A Mexican national was given a two-year federal prison term for dealing large amounts of fentanyl, heroin and methamphetamine as part of a drug cartel cell that used a South St. Paul residence as a stash house.

Court documents say an investigation began in September 2022 into a local operation that sold drugs on behalf of Cartel de Jalisco Nueva Generacion, which U.S. prosecutors say “is arguably the most prolific and most violent cartel in Mexico today.”

As part of the investigation, Mario Alberto Velarde-Carrera sold the three drugs to undercover agents between late 2022 and February 2023, according to court documents.

A Dakota County Drug Task Force agent that had been watching Velarde-Carrera “caught (Velarde-Carrera) in the act of trying to move much of the substances from one of their stash locations” on Feb. 15, 2023, federal prosecutors say.

When Velarde-Carrera left the home in the 200 block of 11th Avenue North, he was pulled over by an officer who “had probable cause to arrest based on prior drug-related criminal activity involving large amounts of controlled substances in Dakota County,” according to a March 2023 criminal complaint filed in state court.

A K-9 dog detected drugs in Velarde-Carrera’s car, which was then searched. In a bag, authorities found more than 3½ pounds of fentanyl powder, 5 pounds of meth and a pound of heroin, the charges say.

Nearly 4 additional pounds of meth were seized after a search warrant was executed at the house.

In an interview with authorities, Velarde-Carrera admitted to selling drugs and that he was “working with ‘someone’ in Mexico,” federal documents say.

Velarde-Carrera, 29, was a part of the first cell of the distribution side of the local operation that was dismantled in February 2023, according to federal prosecutors.

Supporting the cartel

Velarde-Carrera was initially charged in Dakota County District Court with three counts of aggravated controlled substance in the first-degree. The Minnesota U.S. Attorney’s Office picked up the case in May 2023, charging him with conspiracy to distribute fentanyl, methamphetamine and heroin. He pleaded guilty to the charge the following October.

Assistant U.S. Attorney Allen Slaughter Jr. wrote in a presentencing memorandum that Velarde-Carrera traveled from Mexico to “distribute drugs and make money” in Minnesota, where he relocated in November 2022. He previously had relocated to California from Mexico, where his parents, four siblings and wife still live.

The controlled buys by undercover agents “were only snapshots into this conspiracy — just select days of an ongoing process in support of the CJNG cartel,” Slaughter wrote in the memo. “They are however emblematic of (Velarde-Carrera’s) involvement (albeit brief) in these activities.”
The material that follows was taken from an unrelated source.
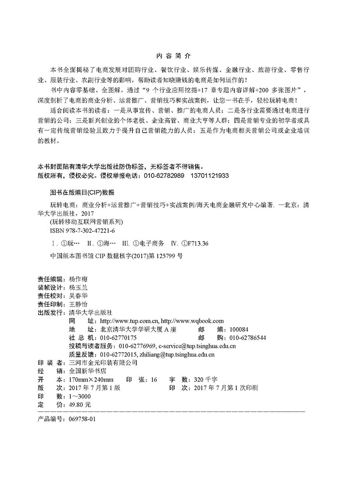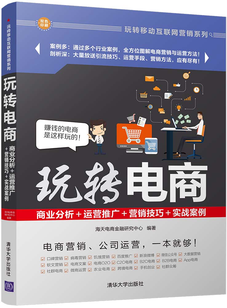 本书全面揭秘了电商发展对团购行业、餐饮行业、娱乐传媒、金融行业、旅游行业、零售行业、服装行业、农副行业等的影响,帮助读者知晓赚钱的电商是如何运作的! 书中内容零基础、全图解,通过“9个行业应用挖掘+17章专题内容详解+200多张图片”,深度剖析了电商的商业分析、运营推广、营销技巧和实战案例,让您一书在手,轻松玩转电商! 适合阅读本书的读者:一是从事宣传、营销、推广的电商人员;二是各行业需要通过电商进行营销的公司;三是新兴创业的个体老板、企业高管、商业大亨等人群;四是营销专业的初学者或具有一定传统营销经验且致力于提升自己营销能力的人员;五是作为电商相关营销公司或企业培训的教材。

Velarde-Carrera’s sentence, handed down Monday by U.S. District Judge Michael Davis in Minneapolis, includes five years of supervised release following incarceration. Velarde-Carrera was remanded to the custody of the U.S. Marshals Service.

Earlier this month, a U.S.-Mexican dual national and co-founder of the Cartel de Jalisco Nueva Generacion was sentenced in the District of Columbia to life in prison for his role in a major drug trafficking conspiracy.

According to court documents, Ruben Oseguera-Gonzalez, known as El Menchito, 34, led the cartel for nearly seven years in Mexico and oversaw the importation of “multi-tonnage quantities” of drugs into the U.S. A judge also ordered him forfeit more than $6 billion of drug trafficking proceeds.

“Gonzalez was one of the first contributors to the fentanyl epidemic in the United States, pledging to ‘do it big’ and build an empire from counterfeit oxycontin pills laced with fentanyl,” prosecutors said in a March 7 statement.